Our model assumes that, when duplicated, some genes will impose a fitness cost to the cell, causing a reduction of its proliferation rate. However, the biological mechanisms that cause this cost are not described within the model, leaving room for several interpretations and further modeling efforts. One contribution to this cost is related to regulatory effects and could be associated with all the genes that are up-regulated together with a duplicated gene, as a result of both cisregulations or transregulations, and additionally, as discussed above, stoichiometric imbalances in protein interaction networks caused by dosage changes are found to play an important role (by regulatory as well as biophysical effects).
For this contribution, the proportionality observed in Fig. 3 would suggest the number of genes affected to be proportional to the number of duplicated and costly genes (i.e., the number of genes that are duplicated and contribute to the cost), meaning that what matters for the main trend is the average number of interaction partners of each such gene.

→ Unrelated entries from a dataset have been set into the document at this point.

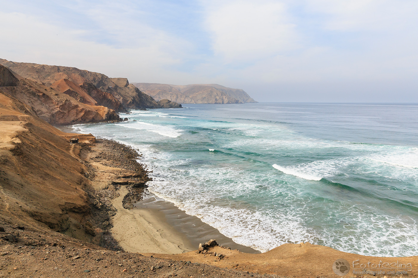 Nach einem guten Frühstück brachen wir an diesem Morgen um 7.00 Uhr auf. Es war wie fast jeden Morgen in Küstennähe neblig, feucht und kühl. Doch die Sonne ließ nicht lange auf sich warten und kämpfte sich um 9.00 Uhr durch den Nebel. Anfangs war die Straße noch zweispurig aber schon 30 km nach Trujillo wurde sie wieder einspurig. Dafür passierten wir wieder eine Mautstelle nach der anderen. Die Landschaft war karg und zog sich an der Küste entlang.
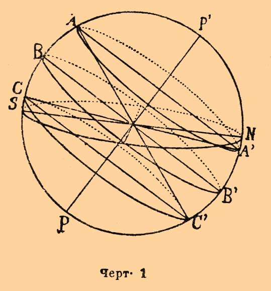 — Для многих опытов по оптике необходимо пропускать пучок лучей солнечного света, отраженный от зеркала, через ряд приборов, тщательно установленных один за другим на горизонтальном столе или скамейке. Но Солнце имеет кажущееся непрерывное движение, описывая во время своего видимого суточного обращения около оси мира РР' (черт. 1) один из малых кругов небесной сферы.
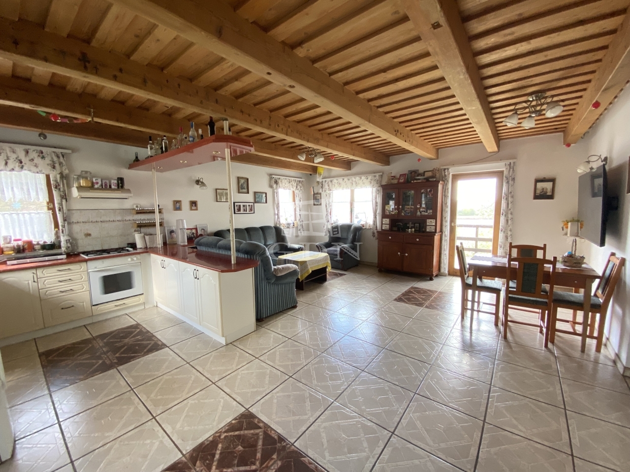 Amerikai konyhás, étkezős nappali közvetlen teraszkapcsolattal

The formulation of a minimal fitness-landscape model (Eq. 5) informed by data allows for the inference of chromosome-specific fitness effects. Such effects are related to the dosage increase of genes contained in specific duplicated chromosomes, offering a quantitative framework for the inference of fitness components of early aneuploids. In addition, we have shown that a simple description of the longer-term evolutionary dynamics of our model (Eqs. 1 and 3) in this landscape captures the relative abundance of aneuploidies observed in yeast population genomics data. Hence, this model can be used to investigate both the intrapopulation dynamics of aneuploidy individuals within an evolving population (Fig. 2) and the substitution dynamics at the interpopulation population level (Fig. 4).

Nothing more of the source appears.